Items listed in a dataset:
------------

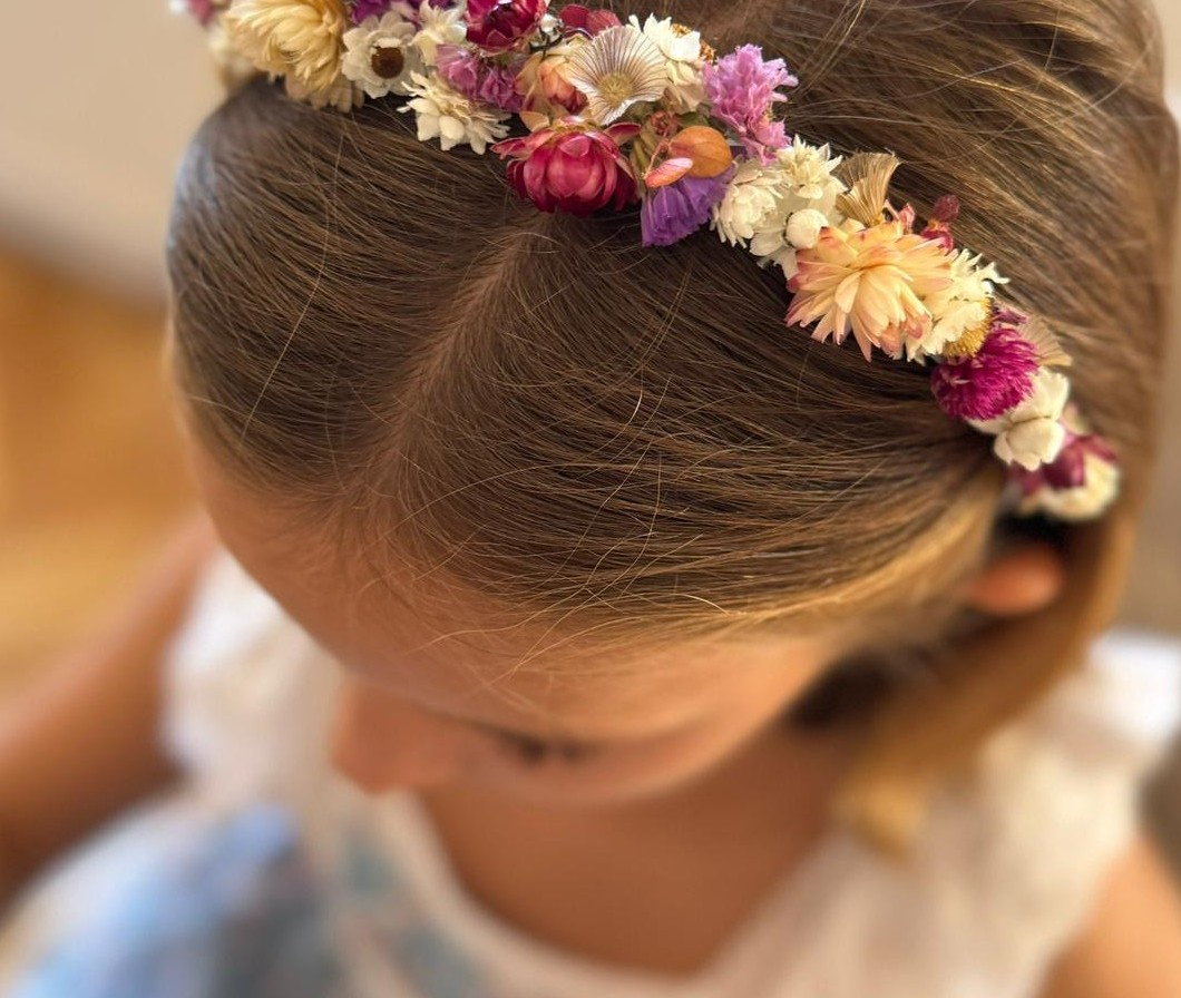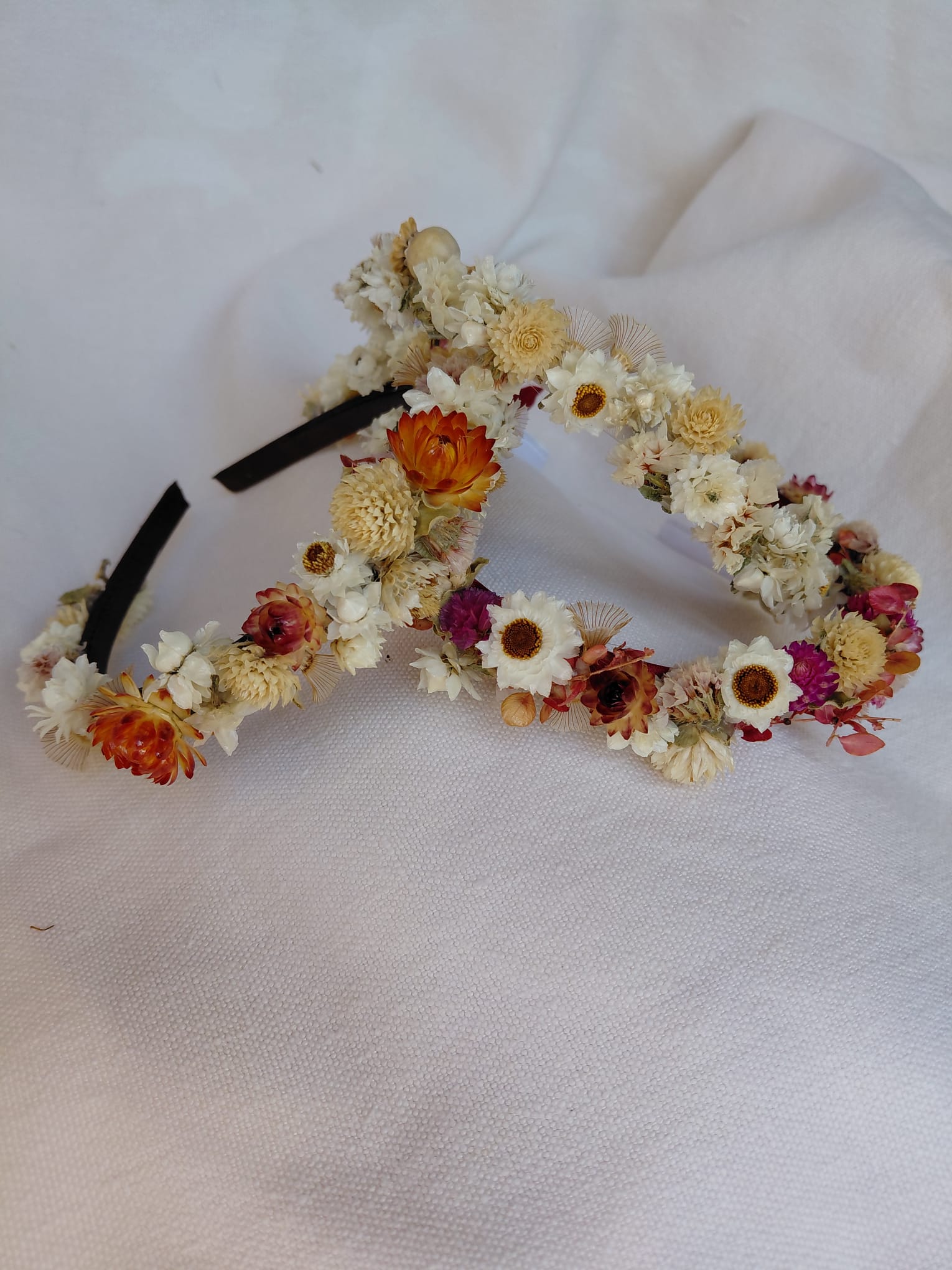Las diademas de flores secas de Alameda Blanca están hechas con flores frescas de temporada, cultivadas  en nuestra granja y preservadas de manera natural sin tintes.
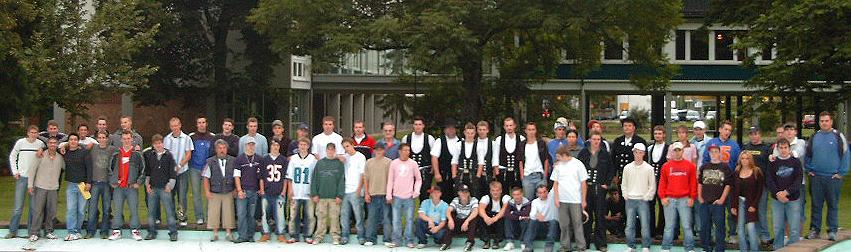 Abschlussprüfung an der einjährigen Berufsfachschule der Theodor-Frey-Schule Eberbach 1-jährige BFS mit Lehrern in der Neckaranlage vor der TFS (Foto:privat)(jc) (rd) An der einjährigen Berufsfachschule im Bereich Elektrotechnik, Metall mit Kfz-Technik sowie Bautechnik haben im Jahr 2005 insgesamt 52 von 72 Schülern und Schülerinnen die Abschlussprüfung bestanden. Die meisten von Ihnen werden in ein festes Ausbildungsverhältnis übernommen. Aufgrund besonders guter Leistungen erhielt Roman Wieprecht einen Preis und Alexander Friedel und Benedikt Kleiser nahmen eine Belobigung entgegen. Die einjährige Berufsfachschule an der Theodor-Frey-Schule Eberbach bietet einerseits jungen Leuten auf der Suche nach einem Ausbildungsplatz aber auch Ausbildungsbetrieben große Vorteile.
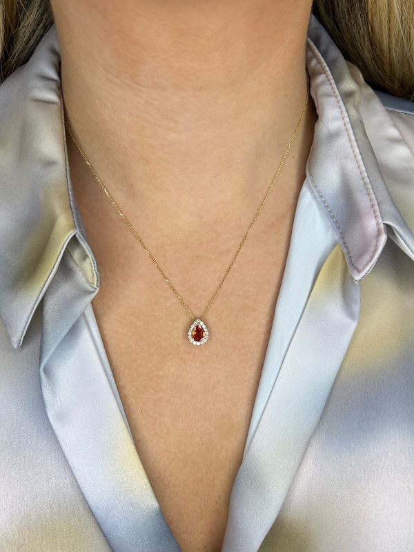 Padparadscha Color Orange Pear Cut Sapphire and Canadian Diamond Halo Pendant in Yellow Gold
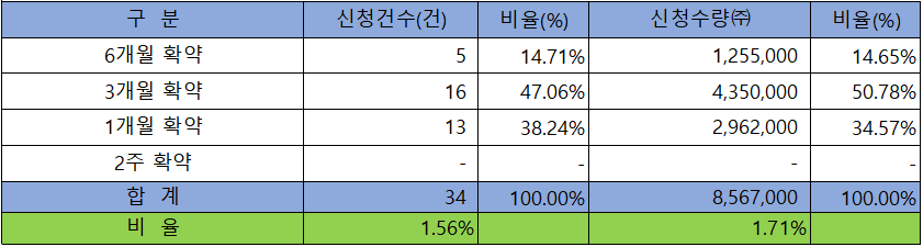 의무 보유 확약 건수는  34건에 8,567,000주로 전체 신청 물량 대비 건수로는 1.56%, 수량으로는 1.71%였으며, 3개월 신청 비중이 제일 높았습니다만, 신청 주식 수가 적어 큰 의미는 없다고 하겠습니다.
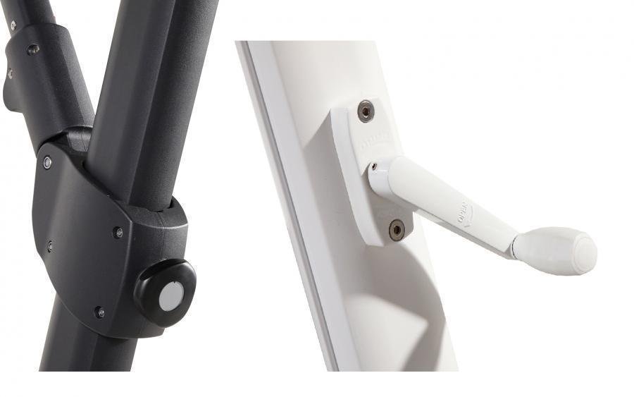 The Siesta is available in both Premium and non-Premium variants. The quality is the same, but the Premium can also tilt sideways. This hanging parasol is also available in the color Anthracite/Taupe.
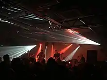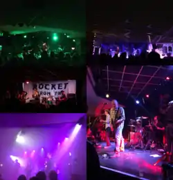 The club is split into three areas—an amphitheatre-shaped 400 capacity concert area to the left of the entrance doors, with a bar area and games room (which occasionally holds gigs) and second, 400 capacity square-shaped concert area, the Community Room, to the right.[6][20][21][2] The bar "retains the atmosphere of [a] working men's club",[6] offering "comfortable" chairs, Sky television, a pool table and dartboard.[6][22] The venue serves cask ales alongside speciality beers from around the world, and works with local companies, such as Kirkstall Brewery, to sell beer at competitive prices.[6][3][4] In March 2017 the Brudenell announced plans to build a single storey extension; including extra space for gigs and community groups to meet; and a new toilet block with disabled access.[23] This extension, named the Community Room, opened on 6 September 2017, hosting a performance from Waxahatchee.[24] An official opening took place the following day when Mogwai played a show to support the release of their ninth studio album, Every Country's Sun.[21]
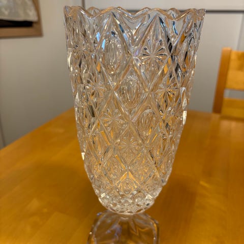 lasimaljakko kirkasta lasia. Korkea, sylinterinmuotoinen malli, jossa koristeellinen kohokuviointi maljakon alaosassa. Sopii esimerkiksi leikkokukille tai sisustuselementiksi pöydälle tai hyllylle. Väri kirkas, materiaali lasi.
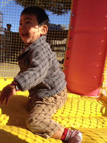 ぼよんぼよんと大興奮。寿は怖がって機嫌が悪かったのでやめといたのです。
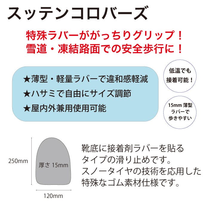 ★薄型・軽量ラバーで違和感軽減★ハサミで自由にサイズ調節★屋内外兼用使用可能低温でも装着可能! 15mm薄型ラバーで歩きやすい靴底に接着剤ラバーを貼るタイプの滑り止めです。スノータイヤの技術を応用した特殊なゴム素材仕様です。
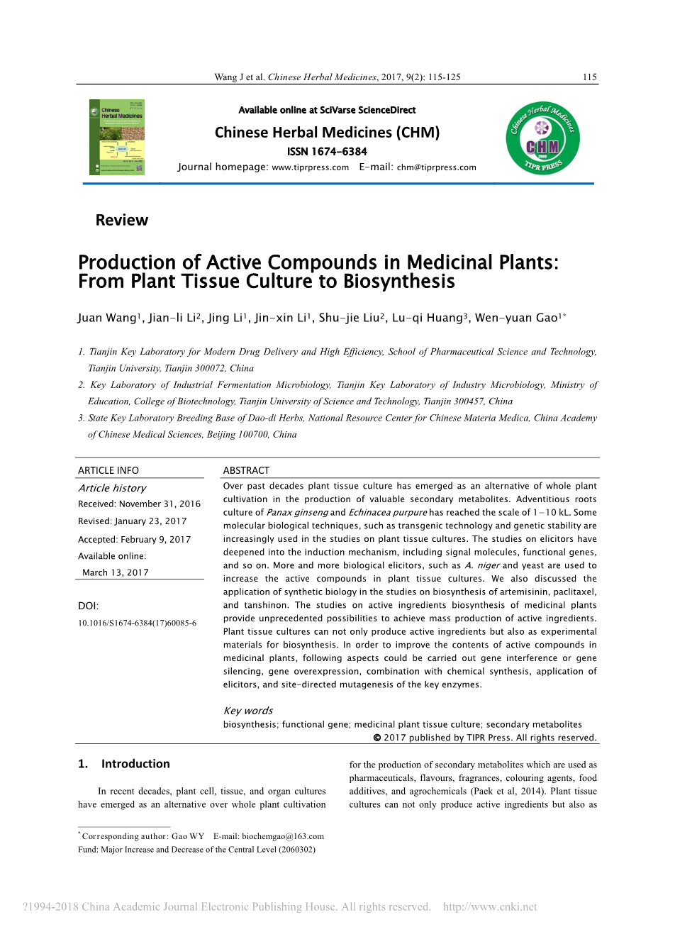 摘 要:在过去数十年中, 植物组织培养已成为一种替代植物的完整种植在生产宝贵的次生代谢物。人参和紫锥菊紫癜的不定根培养达到了 1minus;10的规模。转基因技术和遗传稳定性等分子生物学技术在植物组织培养研究中得到越来越广泛的应用。诱导的研究已深入到诱导机制中, 包括信号分子、功能基因等。越来越多的生物诱导, 如尼日尔和酵母, 用于增加植物组织培养中的活性化合物。我们还讨论了合成生物学在青蒿素、紫杉醇和丹参生物合成研究中的应用。药用植物活性成分在生物合成的研究中为实现大量生产活性成分提供了前所未有的可能性。植物组织培养能产生活性。
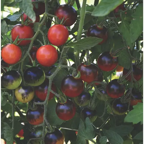 This All American Selections Winner is a unique cherry tomato that ripens red with an overlay of glossy black-purple on the skin with exposed to sunlight. Productive all season, 1.5" sized fruits are well-balanced and flavourful. Great in salads or eaten straight off the vine. An All-American Selection (AAS) award winning variety.
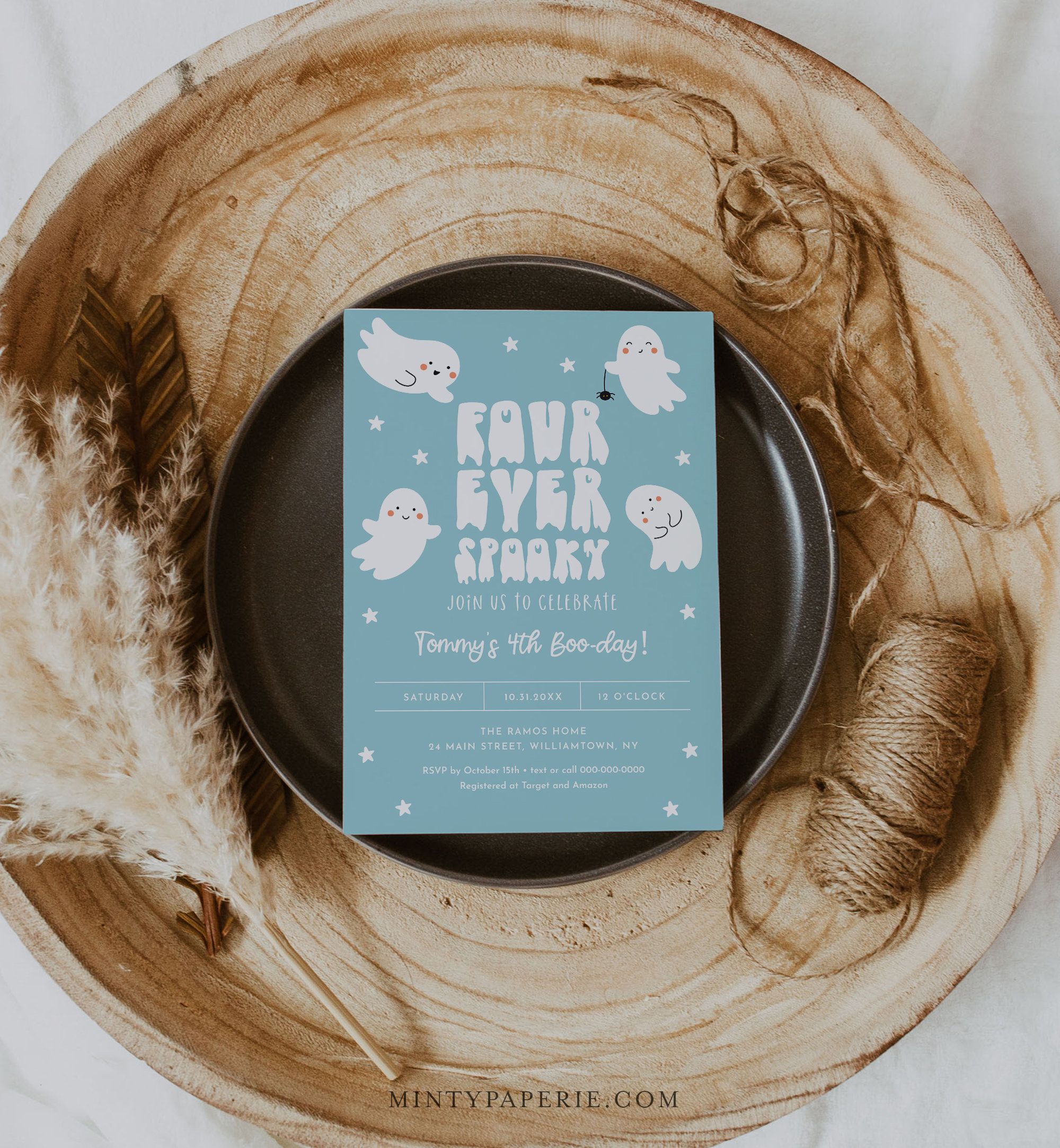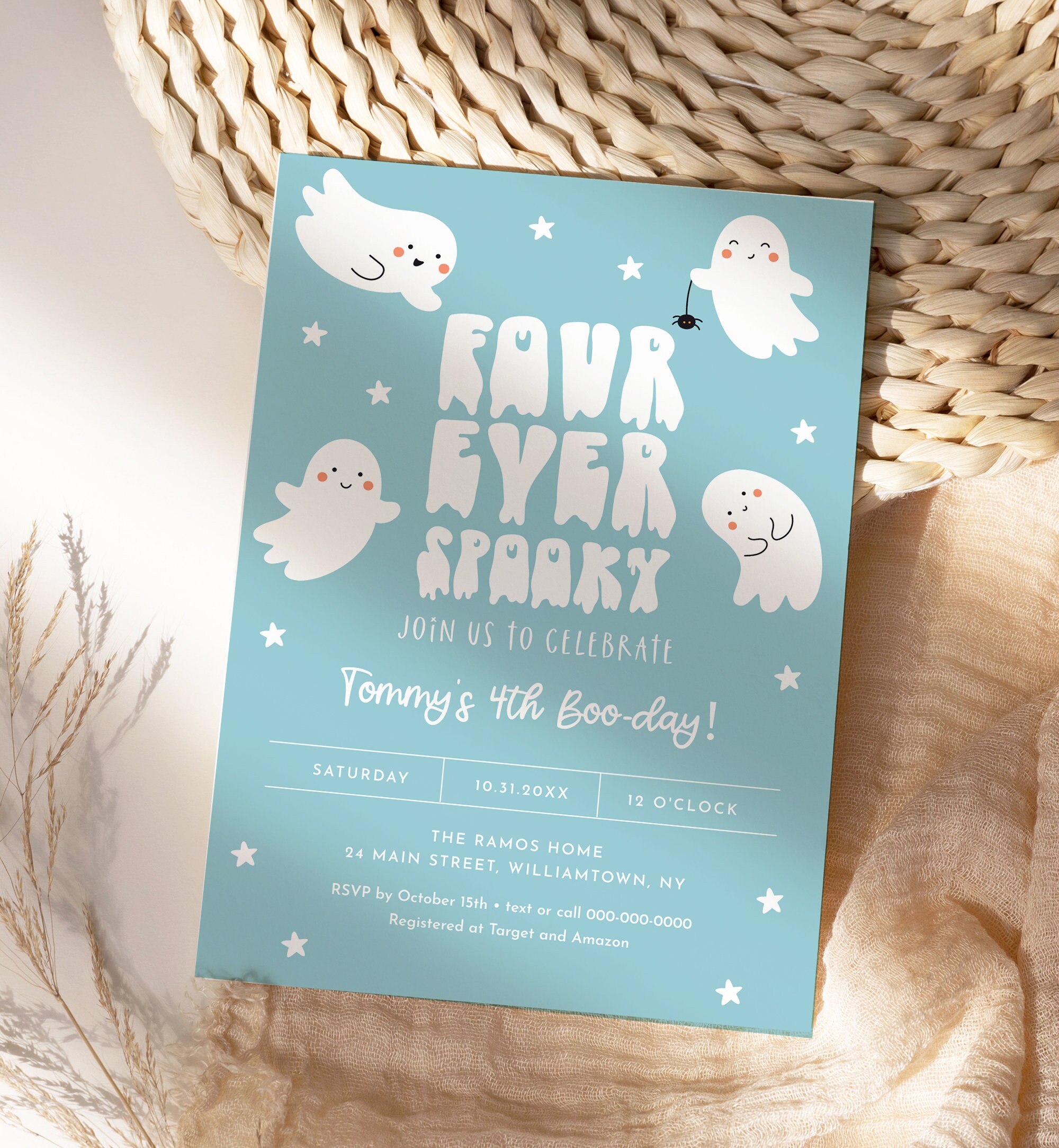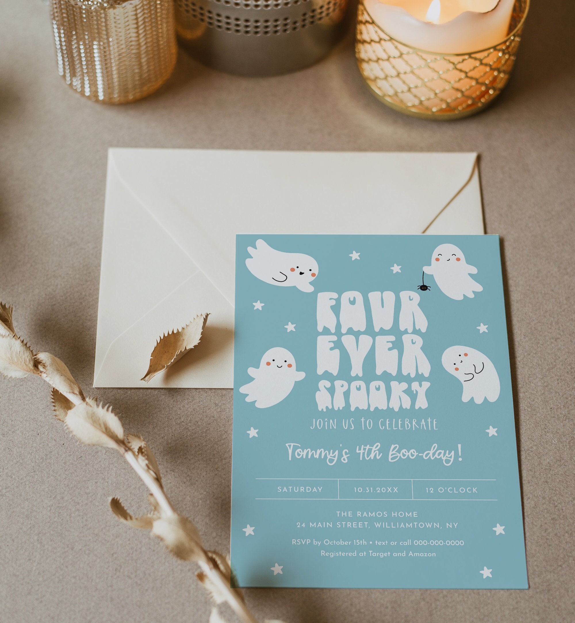 This halloween 4th birthday Invitation template is and instant download. Access your template within minutes of purchase and edit in Templett - A fully customizable template editor that allows you to personalize your printable directly in your web browser. No software to install or fonts to download.

------------

Problem description
Look above for the line with "의무 보유 확약 건수는  34건에" and the line with "The club is", then restate exactly those two lines and all lines between them, with no pictures.

Solved problem
 의무 보유 확약 건수는  34건에 8,567,000주로 전체 신청 물량 대비 건수로는 1.56%, 수량으로는 1.71%였으며, 3개월 신청 비중이 제일 높았습니다만, 신청 주식 수가 적어 큰 의미는 없다고 하겠습니다.
 The Siesta is available in both Premium and non-Premium variants. The quality is the same, but the Premium can also tilt sideways. This hanging parasol is also available in the color Anthracite/Taupe.
 The club is split into three areas—an amphitheatre-shaped 400 capacity concert area to the left of the entrance doors, with a bar area and games room (which occasionally holds gigs) and second, 400 capacity square-shaped concert area, the Community Room, to the right.[6][20][21][2] The bar "retains the atmosphere of [a] working men's club",[6] offering "comfortable" chairs, Sky television, a pool table and dartboard.[6][22] The venue serves cask ales alongside speciality beers from around the world, and works with local companies, such as Kirkstall Brewery, to sell beer at competitive prices.[6][3][4] In March 2017 the Brudenell announced plans to build a single storey extension; including extra space for gigs and community groups to meet; and a new toilet block with disabled access.[23] This extension, named the Community Room, opened on 6 September 2017, hosting a performance from Waxahatchee.[24] An official opening took place the following day when Mogwai played a show to support the release of their ninth studio album, Every Country's Sun.[21]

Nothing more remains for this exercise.